Contact patch area for 26" and 27.5" has to be the same for the same rider with the same pressure in their tyres.
Contact patch length?
I'm not clever enough to work that out but if the tyres were the same width I can't see how the contact length would differ by 2 cm (a 33% increase!) when the difference in circumference of the wheels is less than 5%
I'm not clever enough to work that out but if the tyres were the same width I can't see how the contact length would differ by 2 cm (a 33% increase!) when the difference in circumference of the wheels is less than 5%
there will be a difference, theoretically, in "feel" a short wide contact patch will be different to turn compared to a long thin contact patch. Once you throw in rocks, roots, wheel diameter i doubt you would feel it in the real world.
I'm not clever enough to work that out but if the tyres were the same width I can't see how the contact length would differ by 2 cm (a 33% increase!) when the difference in circumference of the wheels is less than 5%
Nope, I can't make the maths work for that either. I can see that the length would increase, but can't make it jump by that amount no matter what assumptions are made.
When you increase from say a 2.1 to a 2.3 tyre on a 26" wheel you generally run it at a lower pressure, because of the increased volume?
I might be missing something here, but assuming you're running the same width tyre on a 26" and a 29" wheel wouldn't you run the tyre on the 29" wheel at a lower pressure because of the higher volume of the tyre, which in turn would give a larger contact patch?*
* this could be completely wrong.
Nope, I can't make the maths work for that either.
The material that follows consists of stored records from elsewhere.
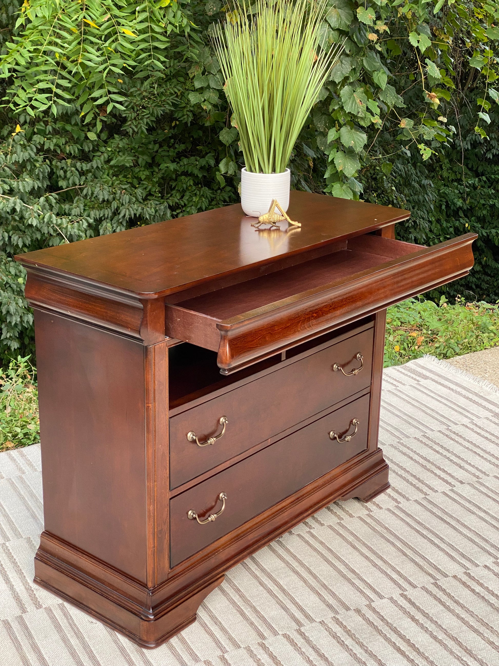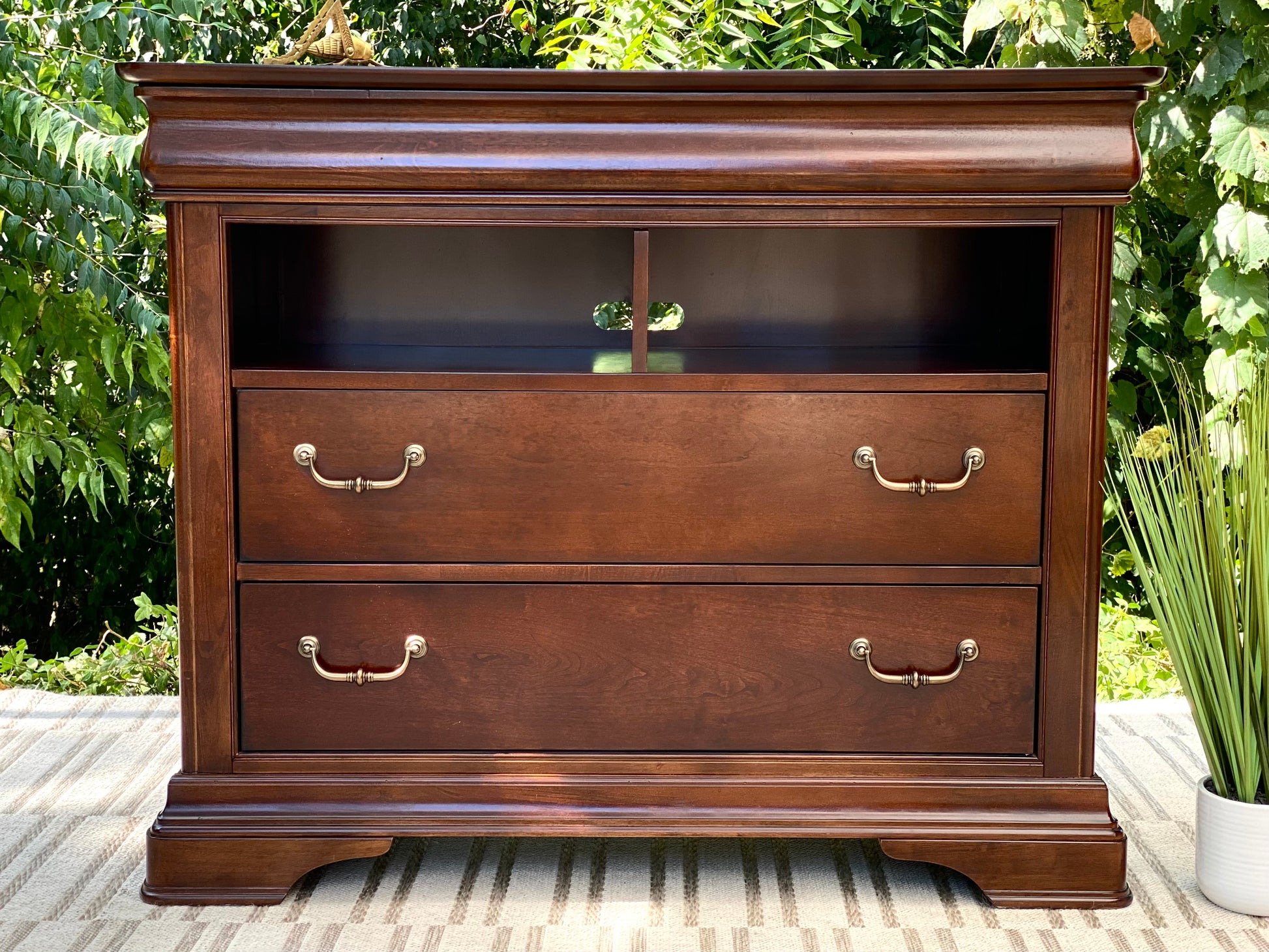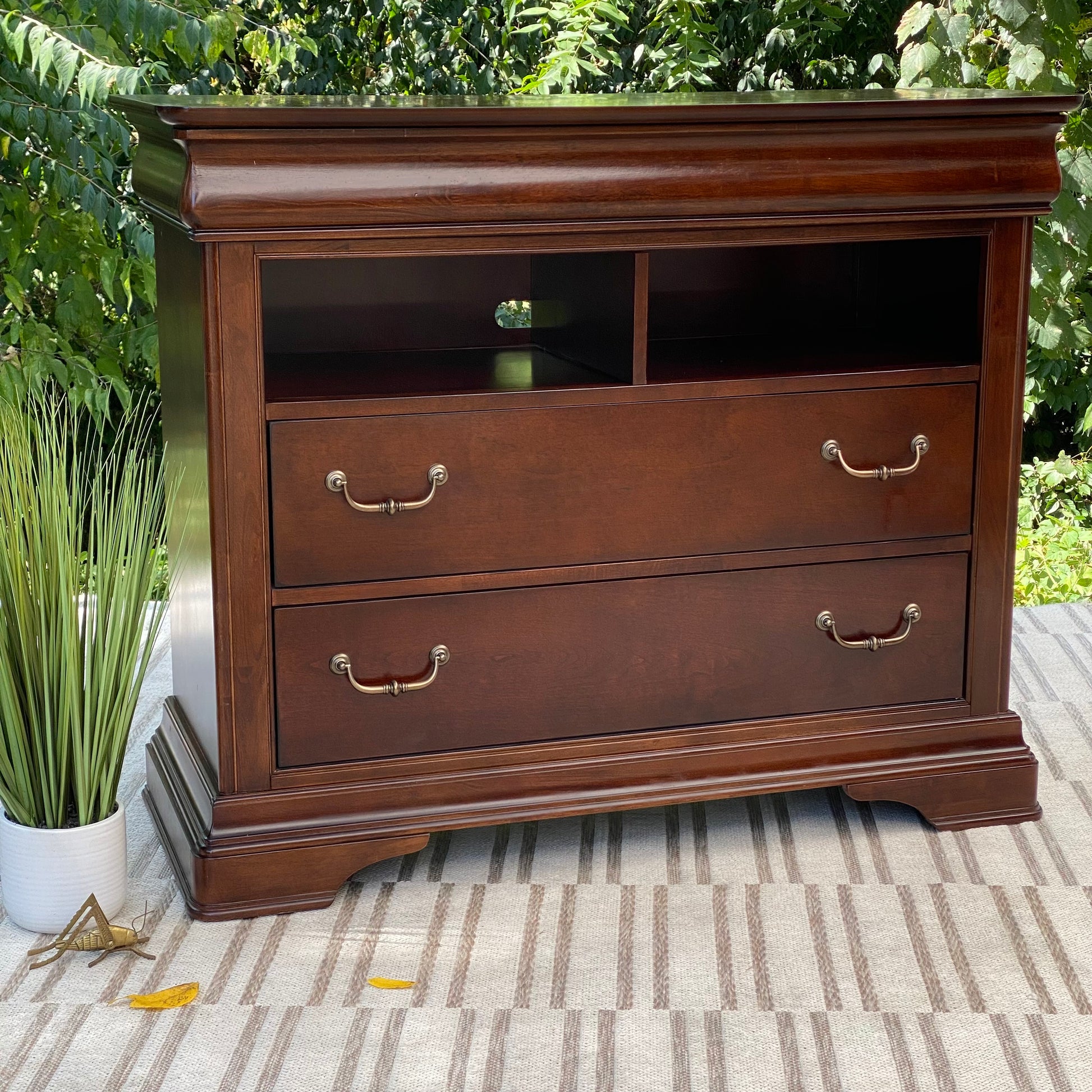 SOLD - Newest Arrival! 🧡🍁 Check out this Orleans cherry media cabinet. Two lower drawers for lots of storage and a pull out tray for sorting. Nice piece overall and could be used for many other rooms (and also a small bar area!) 38” x 46” x 19” Good condition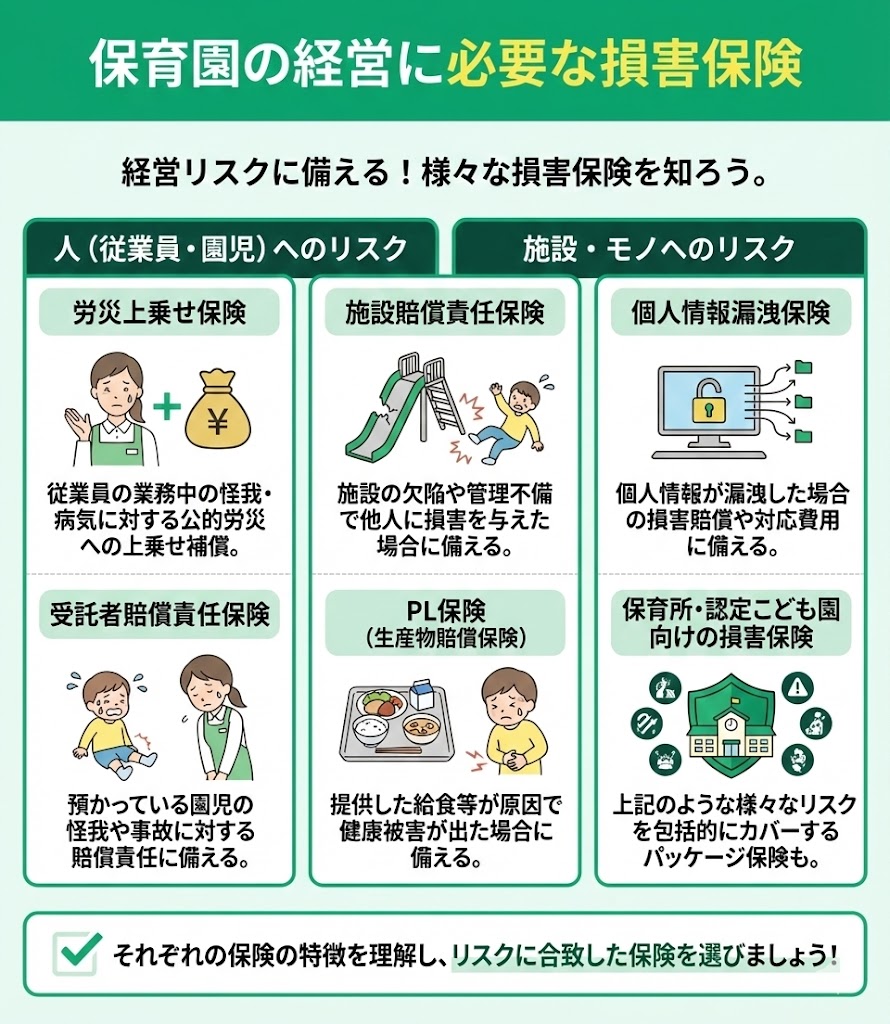 保育園や託児所では、子供の安全が第一優先ですが、万が一の損害賠償に備えて、損害保険への加入も視野に入れておくべきです。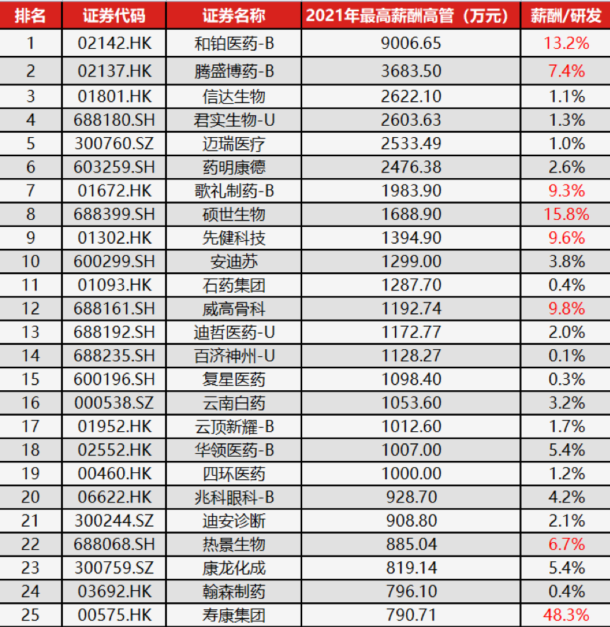 美国涨薪幅度增大,平均年薪近14万美元,灵活办公更普遍5月11日,生物制药新闻和职业领域的领导者BioSpace发布了2022年美国生命科学薪资报告。报告显示,与前几年相比,工资增长速度加快。总的来说,大健康行业人员的工资增长了8%。 2022年全职员工的平均年薪为138557美元,高于2021年的128689美元。 2019年、2020年和2021年的年薪增长率平均只有6%。2022年更多受访者表示增长幅度更大,6-10%的增长幅度变得更加普遍。100%更换雇主的受访者表示加薪,更换雇主的人中,有相当一部分(23%)的工资增长超过25%。 灵活办公趋势仍在继续。近四分之三的受访者表示,他们至少有一部分时间在远程工作。70%的雇主表示,他们将在2022年继续远程招聘,作为一项长期战略。无论员工是否远在他乡,这都不会影响他们是否加薪。 中国高管平均年薪近800万元,普通员工年薪约15万元在统计了已发布2021年报的A股和H股中国上市药企高管及员工薪酬后,复盘一下中国药企2021年高管的薪酬状况。 由于股价存在极大的波动性,因此本文所有的统计中,并不涉及股权激励,全部统计的是高管所获得的现金薪酬。 TOP 100药企高管的平均薪酬为797万元,上榜门槛为323万元。其中,有19家公司其薪酬最高高管的工资已经超公司总体研发成本的6%,但也有很多上榜高管其工资占比不到研发总支出的1%。 从披露平均员工年薪的大健康企业来看,员工的年薪中位数为15.41万元(平均月薪1.28万元)。 员工平均年薪超过40万元的大健康企业仅13家,包括:热景生物(103万)、迪哲医药(83万)、百济神州(72万)、硕世生物(62万)、亚虹医药(59万)、达安基因(53万)、福瑞股份(49万)、东方生物(48万)、天智航(47万)、君实生物(43万)、合富中国(43万)、迈瑞医疗(42万)、艾力斯(41万)。 |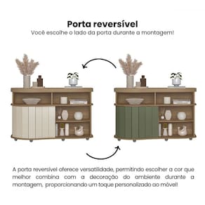 O(a) Balcão Buffet Buffet Magnum 1 Porta Flex Carvalho/Off White/Menta - Artely é produzido em MDF, MDP e Tamburato na escala de brilho Fosca com Textura, e possui um grau de dificuldade de montagem: Médio.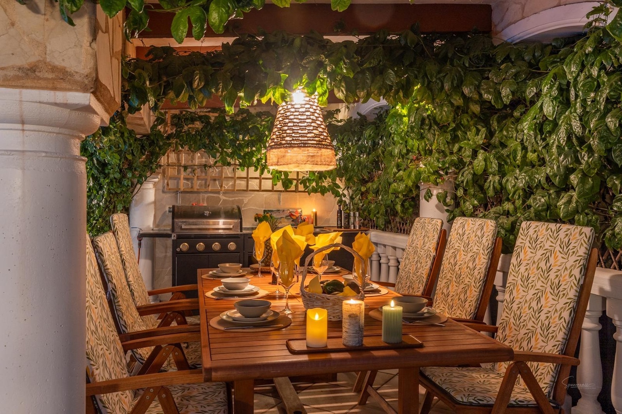The exterior has been crafted for the discerning hedonist. The heart of the garden is the unique L-shaped saltwater pool (9x8 m), complemented by a fully equipped summer kitchen. Featuring a barbecue and hot/cold running water, it is the perfect setting for unforgettable al fresco dining.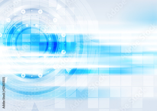 © saicle, Obraz premium Niebieskie tło hi-tech ze świecącymi paskami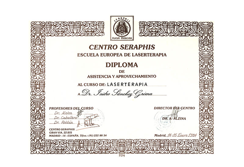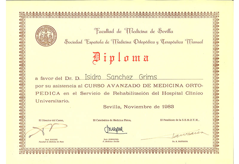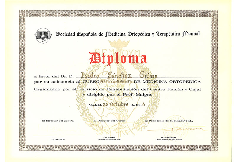 • Diplomado en Medicina Ortopédica – Quiropraxia en el hospital Ramon y Cajal Madrid, en 1983-84.
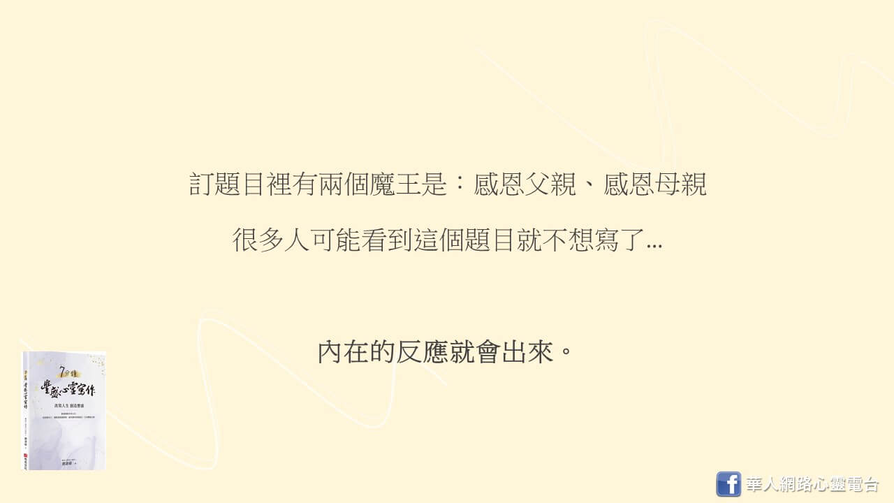 例如,我常常開玩笑說,訂題目裡有兩個魔王是:感恩父親、感恩母親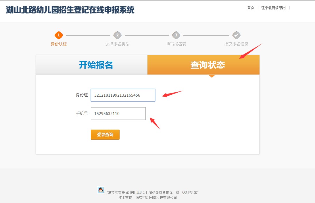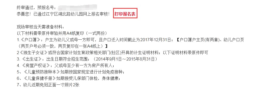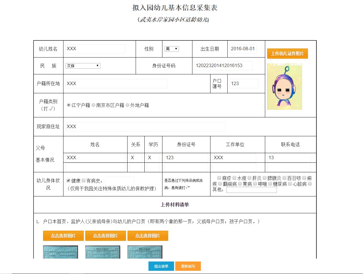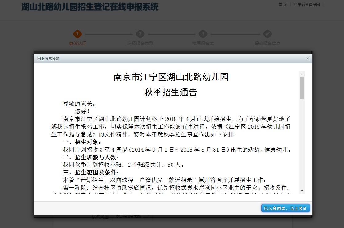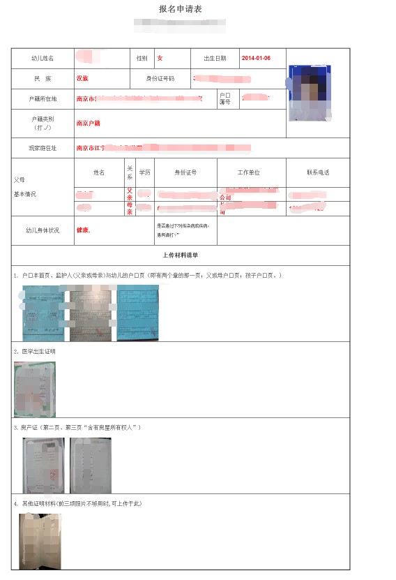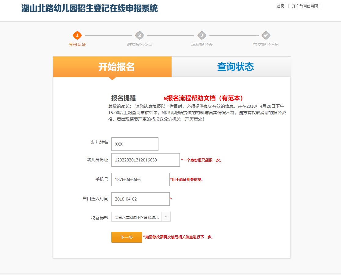 一、输入网址进入主界面: 二、进入报名页面请仔细阅读报名须知,阅读完点击同意按钮,进入下一步 三、进入填写学生信息界面,注意填写身份证信息,只招收三周岁至四周岁的学生(2014年9月1日~2015年8月31日出生的),填写完毕进入点击下一步。 四、进入界面,填写幼儿园入园儿童基本信息采集表,请认真填写信息,需要上传图片的内容请保证图片清晰,确定无误后,点击提交表单。 需上传图片样式如下: 出生医学证明 户籍簿 房产证 五、报名成功后出现提示界面。 六、报名成功如需查询报名状态,进入考试报名窗口右边的查询状态根据学生身份证号、手机号进行查询。 七、确认任何通过后下载《报名申请表》。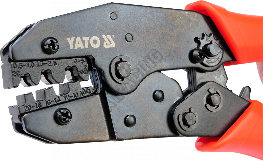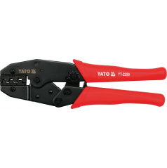 Kleště YT-2250 pro krimpování izolovaných konektorů, se zčernalým povrchem, který chrání před korozí, a s plastovými kryty rukojetí. Rohatkový mechanismus umožňuje rychlé a přesné upnutí bez použití nadměrné síly.

I can see that the length would increase, but can't make it jump by that amount no matter what assumptions are made.
Fit a really narrow tyre and let all the air out ๐ I doubt that Giant have made it up, but I bet they've made some very unrealistic assumptions.
For the record I have a 26" bike and a 29er and I've never felt this supposed increase in grip. The bike that grips best is the one with the grippier tyres. If they both have the same make/model of tyre fitted then it's the one with the lower pressure. Beyond that I really can't feel a difference in grip, but then again I'm not a particularly sensitive soul.